Promising Young Woman: A few thoughts

TW: This post discusses sexual assault and rape.

A heavy sadness has been growing in my heart for some days now. It arrived when I opened Laura Bates’ Men Who Hate Women and read about the vicious and violent threats she has received from men throughout her career, simply for voicing her opinions.

My heart grew heavier still as I watched Promising Young Woman at the cinema last night.

A book and a film both released in the past 12 months. Both cover the abuse of women. Both shining a blinding spotlight on what women know to be true – we are not safe.

The fact I need to put a trigger warning at the start of this post demonstrates just how unsafe we are – almost every woman I know has experienced some kind of abuse at the hands of man. And when many of us write about women standing up for themselves, we also include the words – if it’s safe for you to do so. We write this because for many women, it’s not safe to speak up.

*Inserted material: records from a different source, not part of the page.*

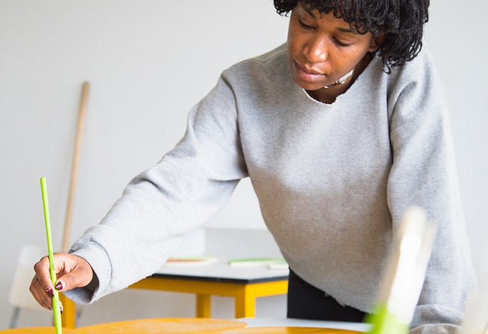 Tschabalala Self describes her current work as “exploring the emotional, physical and psychological impact of the black female body.” Showcasing an eclectic blend of colors and textiles, Tschabalala's thought-provoking work has featured at solo exhibitions in Rome and London. During her Liquitex Cadmium-Free Research Residency at the Griffin Gallery Studios in London, Tschabalala worked on a large-scale mural for a local charity called Hospital Rooms. Using the safer cadmium-free paints was extremely important to Tschabalala, because she knew her mural would eventually end up in a health facility used by adolescents. Discover how she used our materials during her residency here.
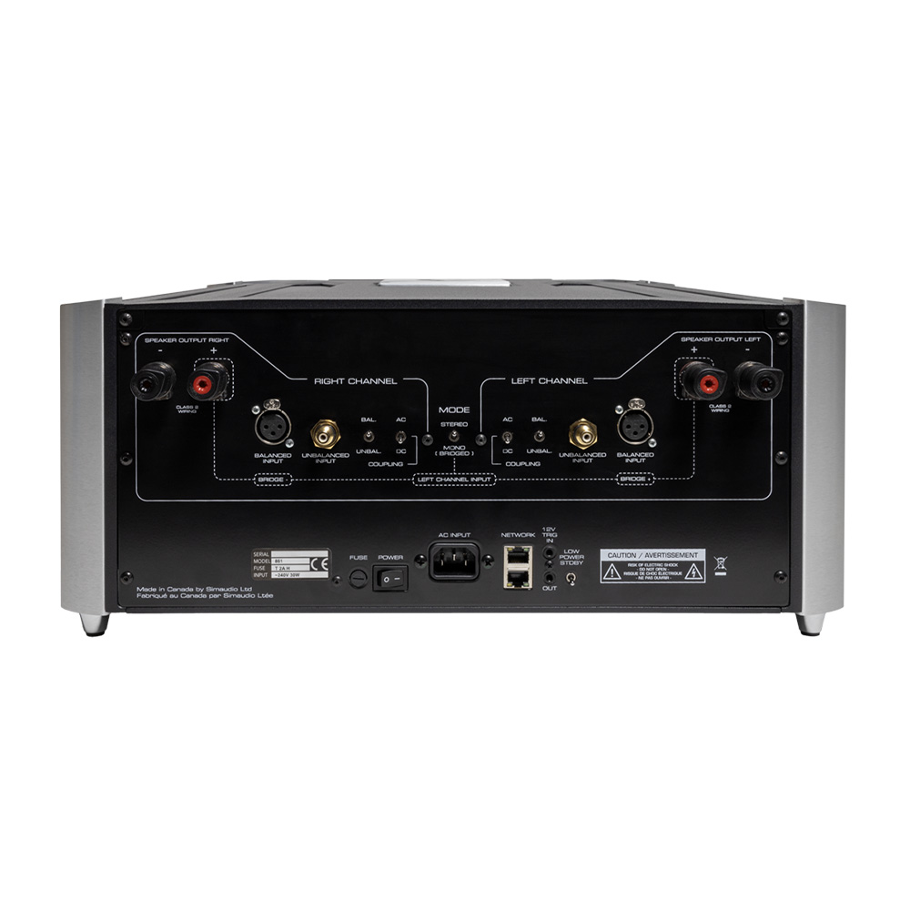 The ingenious new MDCA (MOON Distortion-Cancelling Amplifier) circuit resolves audio with the purest detail and pace. Its power supply boasts two 1,500 VA low-noise MOON transformers and 228,000 uF capacitance with unwaveringly stable thermal equilibrium. At the flip of a switch, the dual mono design outputs 300 watts per channel into 8-ohm stereo loads, doubling into 4 ohms, or 800 watts into 8 ohms as a bridged monoblock.
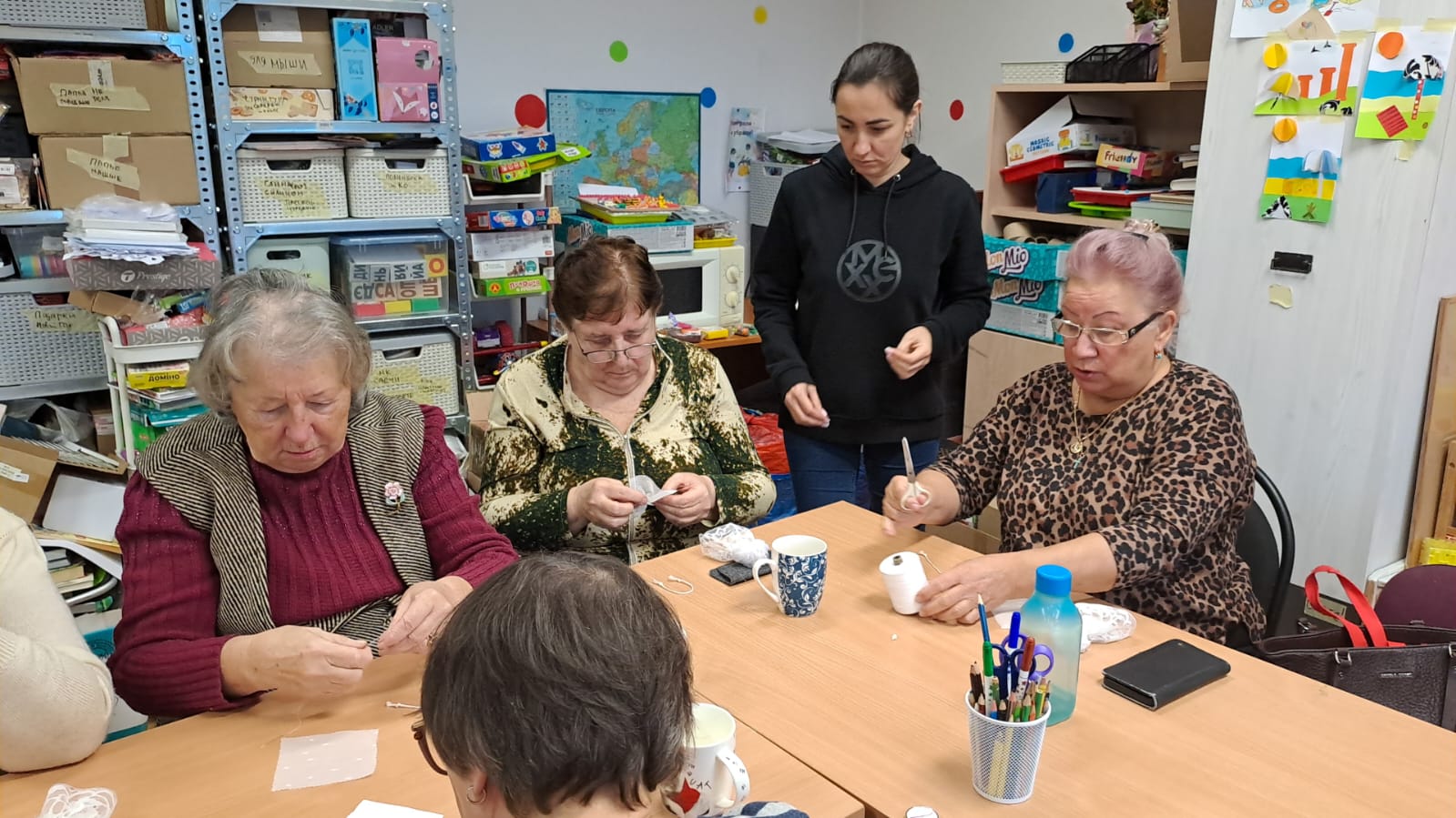 Что ещё? Нам нужно платить аренду. Занятия для сеньоров, разумеется, бесплатные, но расходы на их проведение никто не отменял. Мы платим аренду, покупаем материалы для занятий, чай, кофе, печенье. Наши бабулечки любят сладкое, а чай с зефиркой способствует душевным разговорам.
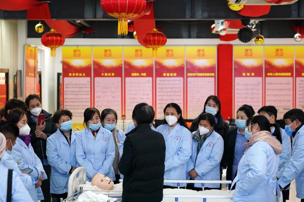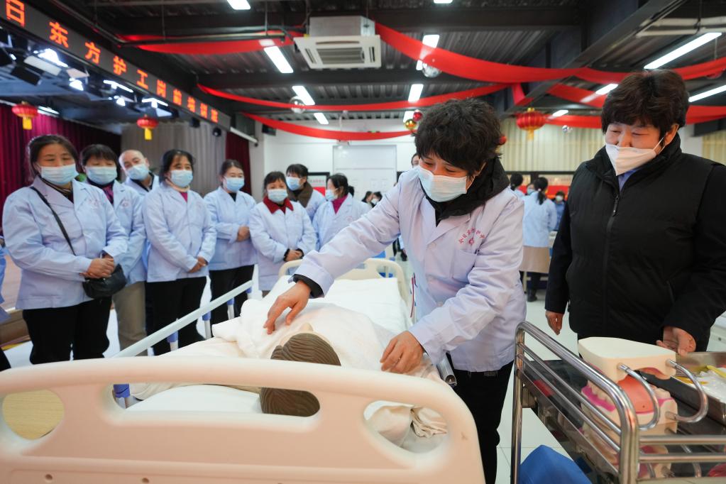 2月4日,在北京市房山區今日東方培訓基地,今年50歲的護工武翠英(前右二)在培訓課程上演示對于臥床病人的看護照料。新華社記者 鞠煥宗 攝
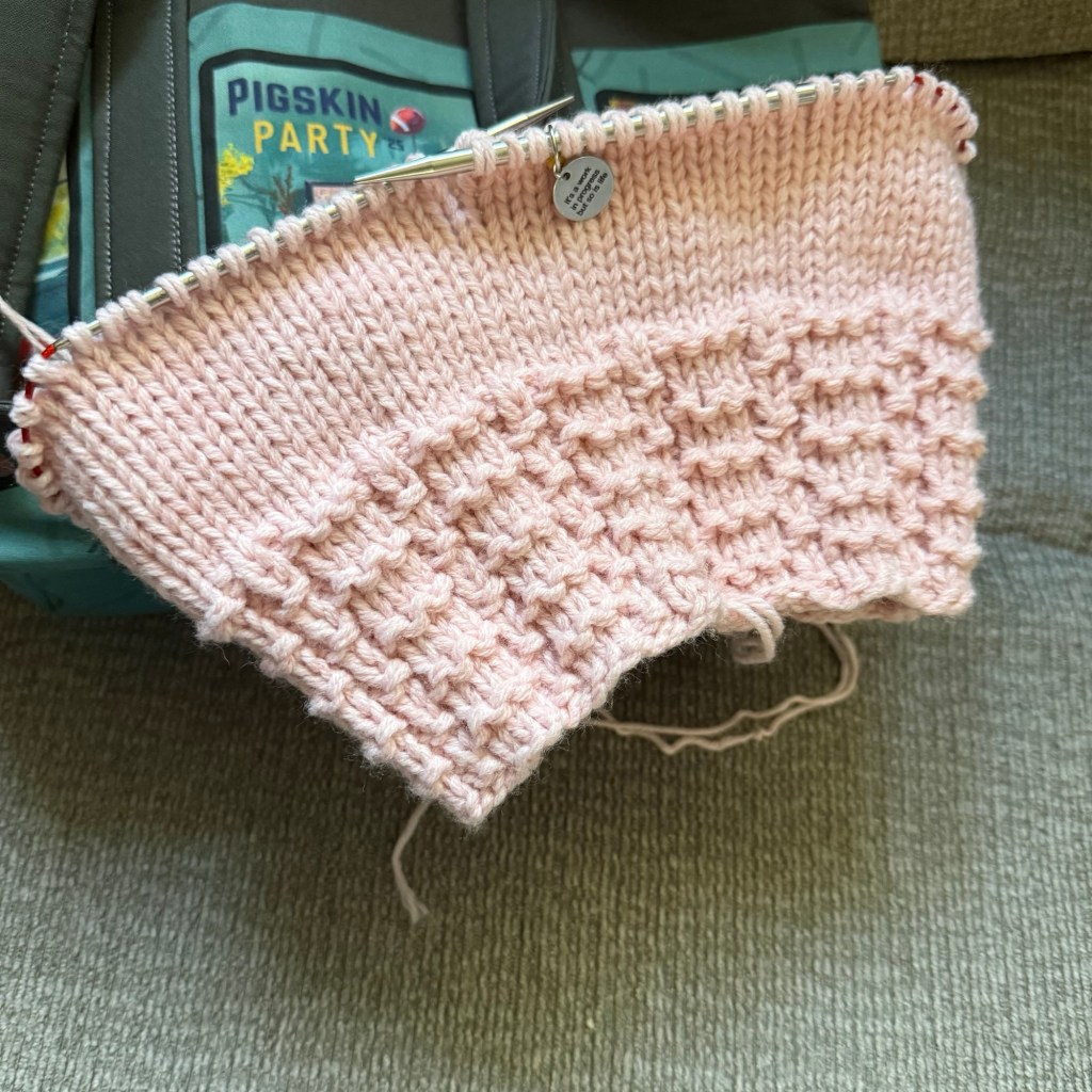 And because October is rapidly coming to a close, I had to make time for a pink project to knit for the Down Cellar Studio Pigskin Party’s challenge. Because this challenge has a 200-yard minimum, I opted for something that would allow me to double-up on yardage. This hat pattern is designed for worsted weight yarn, and I found some pink stash in a sport weight. I’m in good shape to finish by EOD on Friday.
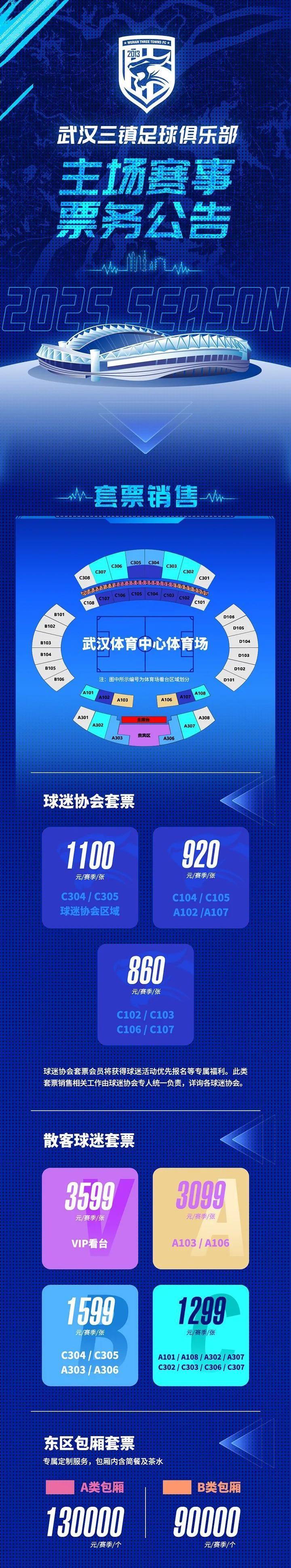 2025賽季武漢三鎮(zhèn)足球俱樂部主場票務(wù)銷售通道將于3月21日18:00正式開啟,全賽季套票即將進行發(fā)售。多種套票類型可供選擇,滿足廣大球迷朋友的觀賽需求,歡迎大家選購。
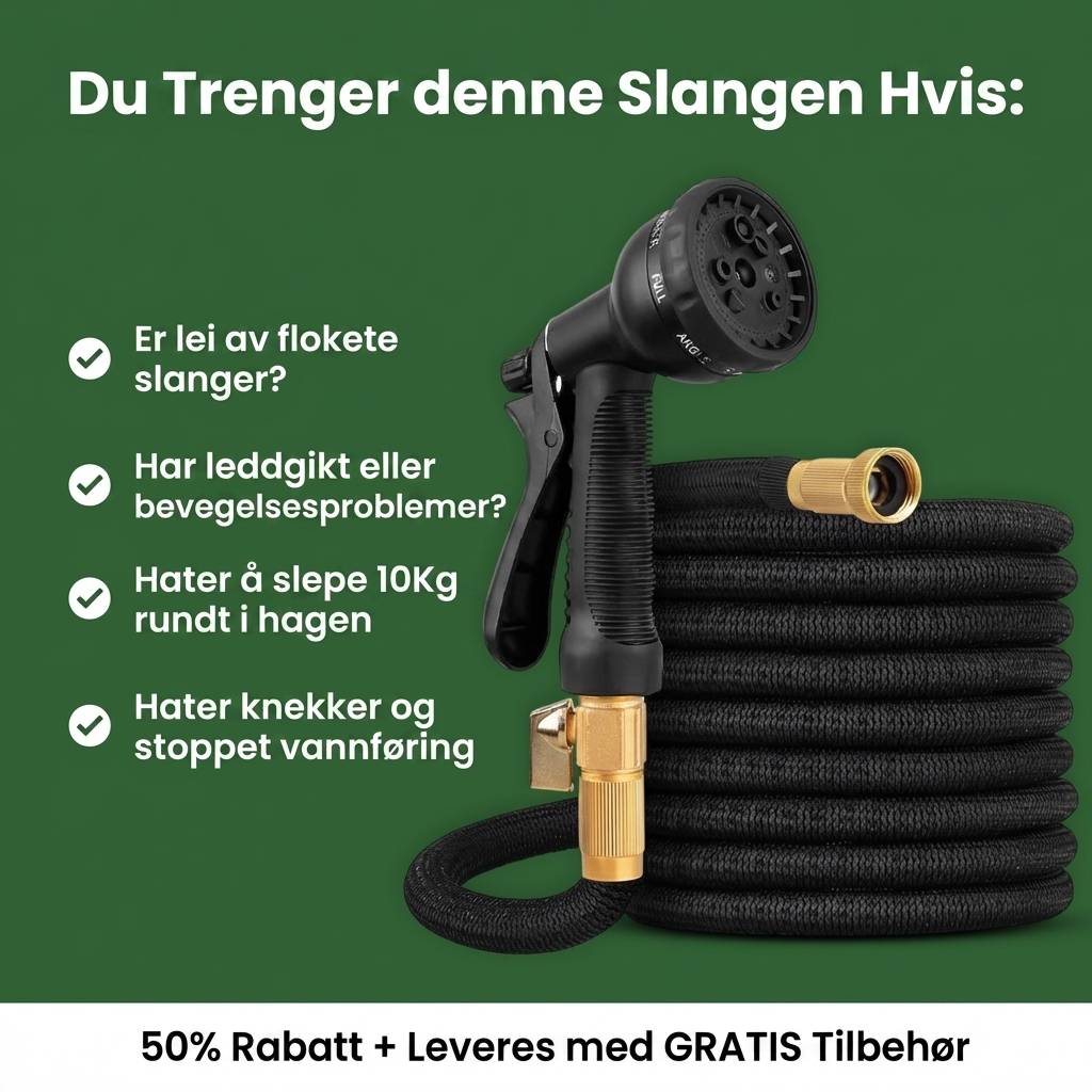 Er du lei av tunge, stive hageslanger som tar stor plass og alltid krøller seg? Vårt komplette utvidbare hageslange-sett er den perfekte løsningen for moderne hager, balkonger og bilvask.

I had to put Laura’s book down after reading the first 20 pages. I will pick it up again but I need to steel myself to proceed (and I haven’t even got to the really confronting parts yet).

However, I did watch the entirety of Promising Young Woman and I would describe it as brilliantly written, incredibly confronting and disturbingly accurate. It shows what women know to be true and also how men and some women dismiss, cover it up and justify it to themselves.

The film centres on Cassie, a young woman who dropped out of medical school to care for her best friend, Nina. Nina was raped while drunk during college and her rapist got away with it.

Cassie is on a mission to seek retribution.

Promising Young Woman could only have been written and directed by a woman. Its realness is unavoidable. I also feel it should be compulsory viewing for every girl, woman, boy and man over the age of 16.

The frequent refrain of “but I’m a nice guy” provided many teachable moments. Male characters knowingly took advantage of a woman who was drunk yet, when caught out, excused themselves with “but I’m a nice guy” and somehow reasoned away their culpability. Men and women dismissed rape as no big deal with comments about how the victim was drunk and asking for it.

Does any of this sound familiar to you?

It reminded me of when I was at my post-formal party. It was the end of high school and my whole year went to a school mates’ property to get drunk and celebrate. I was a fairly naïve 17-year-old but even so, for some reason, I asked a trusted male friend if he would look out for me. I knew he would be sober but I wouldn’t be. Later that night, I remember one of the guys from my year (a seemingly nice guy) with his hands all over my breasts and the rest of my body. If it wasn’t for intervention of my sober male friend, things could have got out of hand very quickly.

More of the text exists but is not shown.